Composite Endpoints in Clinical Trials

There’s a right way and a wrong way to boost the statistical sensitivity of this type of clinical studies.

Jul 1, 2016
Sarah C.P. Williams

© BRYAN SATALINOIt’s a moment every clinical researcher dreads: you crunch the numbers for an upcoming trial and realize you’ll need to recruit tens of thousands of participants to show a statistically significant effect for the therapy you’re testing. You don’t see any way to change most of your variables linked to trial size. But what if you change your endpoints?

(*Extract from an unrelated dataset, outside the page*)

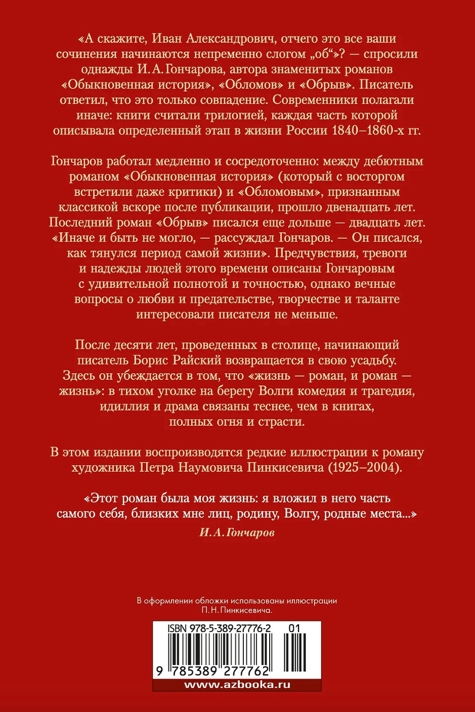 «А скажите, Иван Александрович, отчего это все ваши сочинения начинаются непременно слогом „об“»? — спросили однажды И. А. Гончарова, автора знаменитых романов «Обыкновенная история», «Обломов» и «Обрыв». Писатель ответил, что это только совпадение. Современники полагали иначе: книги считали трилогией, каждая часть которой описывала определенный этап в жизни России 1840–1860-х гг.

In recent years, a growing number of clinical trials have used composite endpoints—multiple events all treated as one endpoint—as a way to boost the power of a study so that fewer participants are needed. “Say you’re designing a study to look at heart attacks, and it looks like you’ll need 40,000 patients,” says Joshua Stolker, a cardiologist at Mercy Clinic in Saint Louis. “But if you use a combined endpoint that considers both heart attacks and hospitalizations, suddenly you only need 20,000. Then you add in revascularization surgeries, and you only need 5,000 patients.”

In that hypothetical example, researchers who chose to combine all three outcomes would be testing whether their intervention changed the number of heart attacks patients experienced, the number of hospitalizations, or the number of revascularization surgeries they required. The study would need fewer patients to reach a firm conclusion because increasing the number of possible outcomes in their endpoint makes it more likely that one of them would occur in any given patient. But the design limits the study’s conclusion, because a composite endpoint lumps together all the outcomes, making it hard to conclude which outcome is affected by the intervention. The drug may have decreased the number of surgeries but not heart attacks or hospitalizations, for example, or affected any other combination of the three measures.

“It can be really hard to understand these studies,” says Lisa Schwartz, a professor of medicine and a medical communication researcher at Dartmouth College. “A drug reduces your chances of this or this or that; what does that really mean?”

Stolker, Schwartz, and other experts in statistics and study design say that composite endpoints are overused—or, at the very least, often improperly used. The Scientist asked these experts for their advice on proper design and interpretation of the statistical approach. Here’s what they said.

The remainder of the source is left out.